Zebrafish foxc1b-/- homozygotes are viable as larvae, survive to adulthood and are fertile with no observable phenotype (results consistent with other studies (51, 52)). Incrossing two foxc1b-/- homozygous adults to generate maternal zygotic foxc1b-/- homozygote offspring also generated viable embryos indistinguishable from wildtype controls. Prior research on the zebrafish foxc1b-/- determined that it is a null allele (53). To investigate the potential for genetic compensation, a double foxc1a/foxc1b mutant line was generated. Both double heterozygotes (foxc1a+/-; foxc1b+/-) and fish with 3 mutant alleles (foxc1a+/-; foxc1b-/-) were viable as adults, fertile, and exhibited no phenotypes. Crossing two double heterozygotes generated double mutant homozygotes (foxc1a-/-; foxc1b-/-) at expected Mendelian ratios, although developmental deformities were severe, especially with regards to microphthalmia and hydrocephalus (Fig. 2E-F). 89% of foxc1a-/-; foxc1b-/- double homozygotes displayed pericardial oedema at 72 hpf, at which time blood flow had ceased. Craniofacial dysmorphism was observed in 68% of embryos and was more severe than single foxc1a-/- homozygotes. Additionally, 75% of foxc1a-/-; foxc1b-/- double homozygotes displayed hydrocephalus, which was absent in single mutants (Fig. 2E-F). These data demonstrate that loss of zebrafish foxc1a/b paralogs is generally more severe than single homozygosity, and supports the hypothesis of genetic buffering by the two paralogs.

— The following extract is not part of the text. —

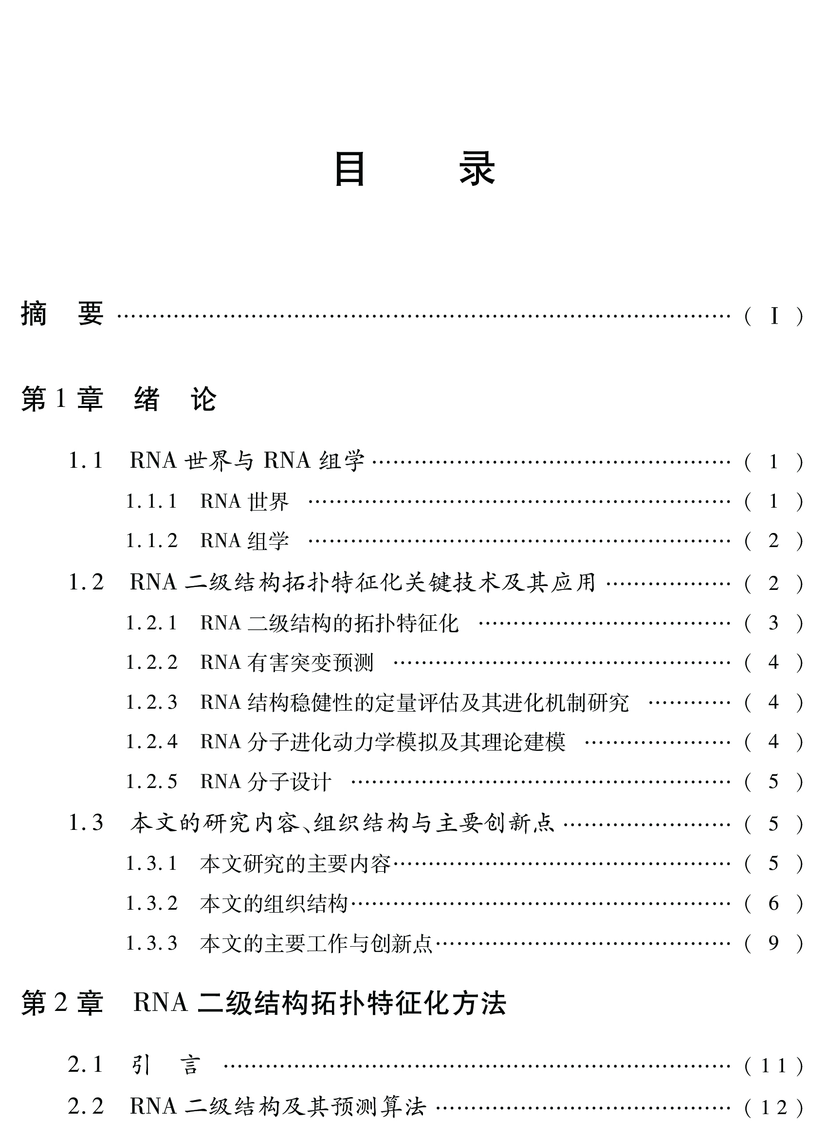 书名:RNA二级结构拓扑特征化关键技术及其应用研究

Alterations to foxc1 gene dosage cause visceral organ situs defects
Due to the progressive pericardial oedema and loss of blood flow observed from 72 hpf in foxc1a homozygotes, we next examined cardiac development in more detail. Loss of foxc1 resulted in significantly fewer embryos with normal D-looped hearts, and increased the prevalence of abnormal O-looped (unlooped) and L-looped (situs inversus) hearts (Fig. 3A). Homozygous foxc1a mutant hearts failed to loop in 31% of those examined (n=32, P=0.016). Homozygous foxc1b mutants also displayed a significant divergence from normal cardiac looping (n=39, P=0.036) with 23% O-loop and 5% L-looped hearts. Double foxc1a-/-; foxc1b-/- loss resulted in only 38% of embryos developing D-loops with the remaining 62% producing O-loops (n=29, P<0.001), consistent with overlapping functions of foxc1 paralogs in cardiac situs phenotypes.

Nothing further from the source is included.